Collected data
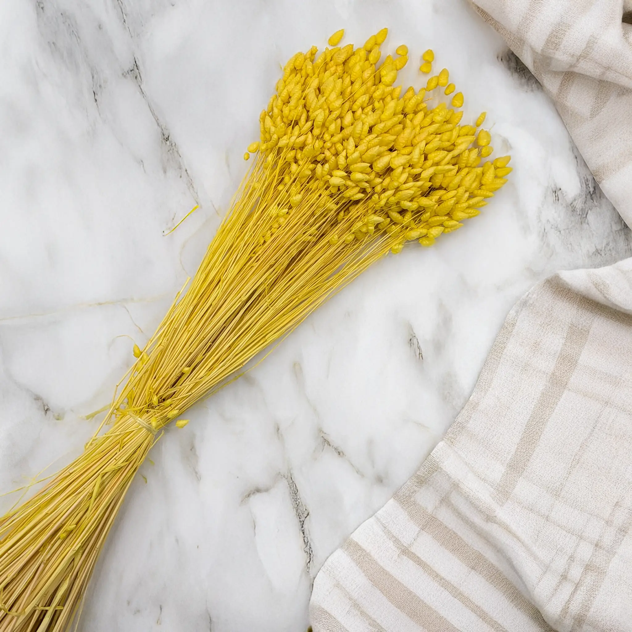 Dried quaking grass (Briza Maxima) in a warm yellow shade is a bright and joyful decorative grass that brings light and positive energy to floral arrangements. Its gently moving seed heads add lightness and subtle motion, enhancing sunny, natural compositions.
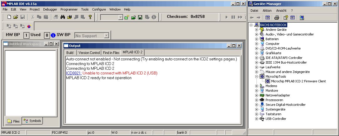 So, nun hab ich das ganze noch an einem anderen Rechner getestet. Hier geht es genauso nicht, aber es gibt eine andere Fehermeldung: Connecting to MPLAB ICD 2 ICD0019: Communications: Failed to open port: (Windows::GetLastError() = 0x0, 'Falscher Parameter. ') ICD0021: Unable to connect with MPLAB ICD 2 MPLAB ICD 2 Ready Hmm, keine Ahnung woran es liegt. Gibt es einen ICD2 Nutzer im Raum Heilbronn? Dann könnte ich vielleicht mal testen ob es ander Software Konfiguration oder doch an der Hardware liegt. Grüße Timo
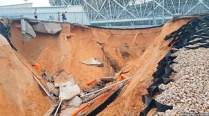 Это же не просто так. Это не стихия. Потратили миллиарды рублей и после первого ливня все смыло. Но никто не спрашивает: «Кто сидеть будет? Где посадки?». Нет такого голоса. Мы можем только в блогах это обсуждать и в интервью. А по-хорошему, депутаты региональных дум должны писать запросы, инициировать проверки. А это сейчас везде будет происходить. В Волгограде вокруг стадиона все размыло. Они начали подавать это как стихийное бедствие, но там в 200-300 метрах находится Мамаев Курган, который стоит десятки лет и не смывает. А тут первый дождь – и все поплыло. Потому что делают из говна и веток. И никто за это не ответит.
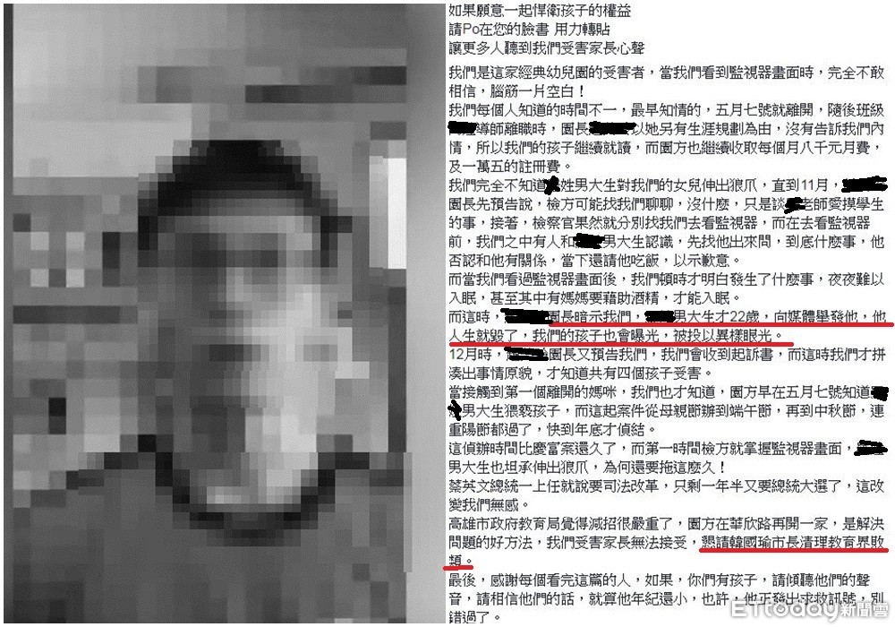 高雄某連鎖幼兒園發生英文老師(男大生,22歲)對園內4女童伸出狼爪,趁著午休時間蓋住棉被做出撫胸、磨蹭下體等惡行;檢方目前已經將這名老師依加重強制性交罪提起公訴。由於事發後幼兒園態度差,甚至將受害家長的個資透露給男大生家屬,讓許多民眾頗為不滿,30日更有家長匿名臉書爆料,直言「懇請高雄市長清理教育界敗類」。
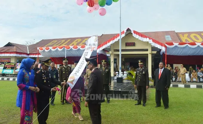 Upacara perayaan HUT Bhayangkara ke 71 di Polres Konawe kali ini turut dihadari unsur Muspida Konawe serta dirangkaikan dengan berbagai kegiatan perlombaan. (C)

Task to carry out: Repeat only the lines from the line with "高雄某連鎖幼兒園發生英文老師" to the end of the entries, including both the first and the last line, and drop every picture.

Your solution:
 高雄某連鎖幼兒園發生英文老師(男大生,22歲)對園內4女童伸出狼爪,趁著午休時間蓋住棉被做出撫胸、磨蹭下體等惡行;檢方目前已經將這名老師依加重強制性交罪提起公訴。由於事發後幼兒園態度差,甚至將受害家長的個資透露給男大生家屬,讓許多民眾頗為不滿,30日更有家長匿名臉書爆料,直言「懇請高雄市長清理教育界敗類」。
 Upacara perayaan HUT Bhayangkara ke 71 di Polres Konawe kali ini turut dihadari unsur Muspida Konawe serta dirangkaikan dengan berbagai kegiatan perlombaan. (C)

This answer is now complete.